Under the Hood of the Earthquake Machine

Scientists at Caltech's Tectonics Observatory have developed a fully dynamic, numerical model that can determine the cyclic pattern of earthquakes at a given location (i.e., the long periods of rest between earthquakes, punctuated by sudden seismic events), if given enough data on both past earthquakes (such as magnitude, location, and date), as well as current rates of slow slippage and seismicity.

The scientists used this model to explain why the 2004 Parkfield earthquake occurred later than expected, and at an unexpected location along the San Andreas Fault.

The scientists focused on the Parkfield area of the San Andreas Fault because it undergoes a variety of distinct behaviors:

  • Slow slippage (so slow that humans cannot feel it, though sensitive instruments are able detect it)

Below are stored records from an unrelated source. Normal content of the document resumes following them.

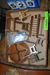 #1534 - Lot of spur straps in a wooden Soapie Ponies box including 8 piece natural color, 2 piece straight natural, 9 pair dark brown.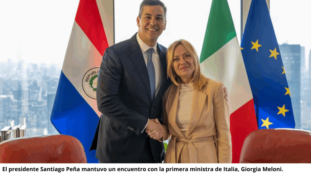 Durante su paso por Estados Unidos para asistir a la Asamblea General de las Naciones Unidas (ONU), el presidente paraguayo Santiago Peña mantuvo un encuentro con la primera ministra italiana, Giorgia Meloni, con quien revisó temas de la agenda bilateral entre ambos países.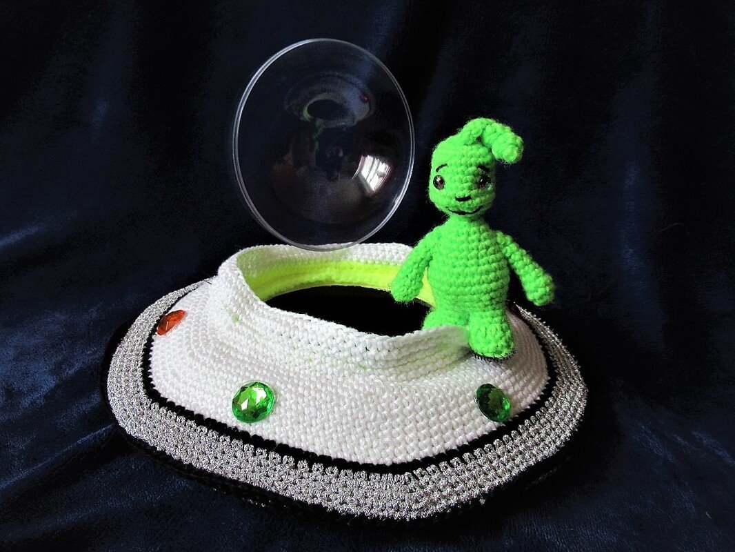 Das UFO wird aus phosphoriszierendem Garn gehäkelt, so dass es im Dunkeln leuchtet. Die Glaskuppel lässt sich öffnen, so dass der Alien aussteigen kann.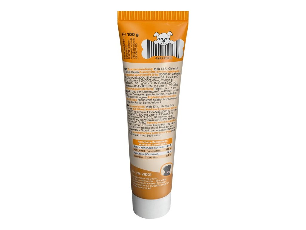 Tento krémový pamlsek je chutnou odměnou a zároveň zdravým doplňkem stravy. Obsahuje slad a kvasnice – přírodní zdroje trávicích enzymů a vlákniny, které podporují zdravé trávení a pravidelné vyprazdňování. Zároveň je obohacen o celou řadu vitamínů (A,B,C,D,E), které podporují celkové zdraví a vitalitu psa.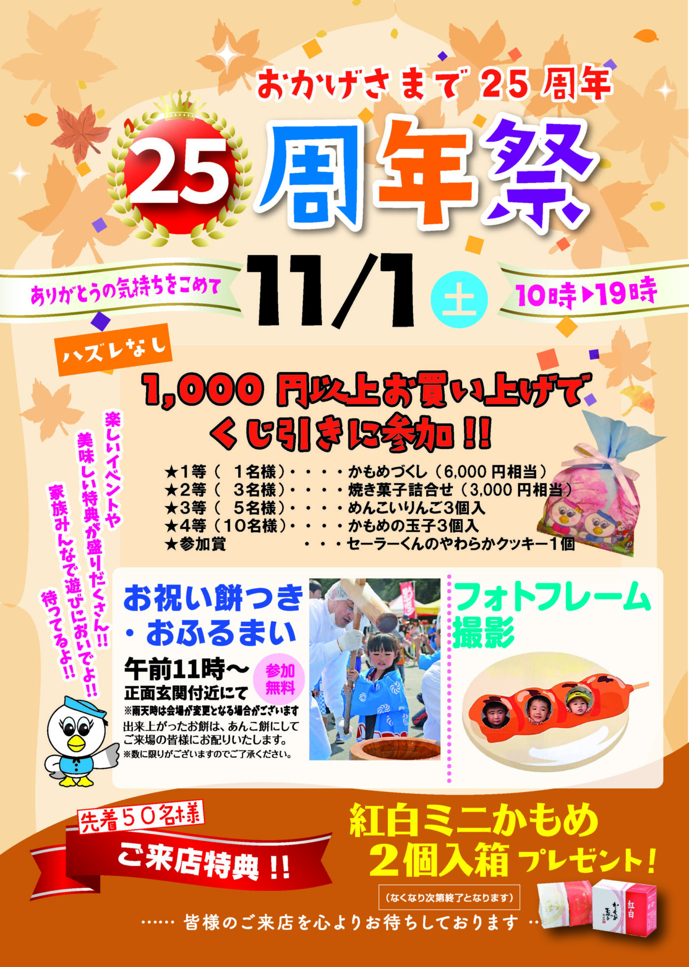 🎉おかげさまで三陸菓匠さいとう北上本店は、今年で25周年を迎えます🎉これまで支えてくださった皆様への感謝の気持ちを込めて、「25周年祭」 を開催いたします!

  • Moderate-sized earthquakes that recur several times within an average human lifetime (and thus allow for model predictions to be tested and retested)

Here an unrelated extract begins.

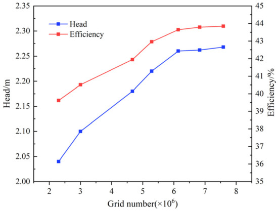 In numerical simulation, it is necessary to verify the independence of the grid number, the purpose of which is to reduce the influence of grid number and size on the calculation results. When the grid is refined to a certain extent, the solution result will not change significantly with the change in the grid number so that the sensitivity of the solution result to the mesh number is reduced. Under the optimal working condition (1.0Qbep), the efficiency and head of pump device with different grid numbers are analyzed for grid number independence. A total of 7 schemes of grids are used to verify the grid number independence, as shown in Figure 4. When the number of grids reaches 6.14 million, the change speed of the pump head and efficiency slows down significantly, and the relative deviation is less than 0.5%, which meets the stability requirements of the calculation. Considering the calculation accuracy and computational resource, the scheme with a total number of grids of about 6.14 million is suitable for this simulation.

Moreover, this region of the San Andreas Fault has a large historical record of seismic and GPS data.

At Parkfield, stress builds along the fault as the Pacific Plate moves north relative to the North American Plate. The stress is then released, on average, about every 20 years by an earthquake of magnitude between 5.5 and 6.0.

The scientists incorporated laboratory data into the model on how the laws of friction depend on pressures, temperatures, and speeds. And to handle the large range of time scales, the scientists sped up the computation time during the long time periods of quiet in between earthquakes, and then slowed it down during the short bursts of seismicity.

The video below shows a dynamic simulation of the earthquake cycle at Parkfield, generated by this new model. It shows a sequence of two earthquakes, with each earthquake starting at a different end of the seismogenic zone, in agreement with the 1966 and 2004 earthquakes observed at Parkfield.

Schematic view inside an earthquake occurring on the Parkfield segment of the San Andreas Fault, along with an array of GPS stations on the surface to monitor the ground motion - The geological record of past earthquakes and the continuous monitoring of seismic and aseismic fault activity allows us to model the entire seismic cycle and reproduce events such as the 1996 and 2004 Mw 6.0 earthquakes (see video below). Color indicates the slip rate, or speed at which that area along the fault is moving. The yellow area, which ranges from 7 to 10 km in depth, moves the fastest, 0.1 meters/second. This speed, called the "seismic speed," is the minimum speed required to generate seismic waves large enough to be felt by humans. Black areas are locked, which means they are not moving. And blue areas are moving at the average speed of the tectonic plate (in this case about 3 cm/year). The ripples seen in the color pattern indicate the motion of the seismic waves. The rupture is moving to the left, away from the reader.

Simulation of a sequence of magnitude 6.0 earthquakes that occurred along the San Andreas Fault at Parkfield from 1966 to 2004 - Two earthquakes are seen to occur, the first starting at one end of the seismogenic zone, the second occurring 38 years later and starting from the opposite end. Such a situation was observed at Parkfield for the 1966 and the 2004 earthquakes.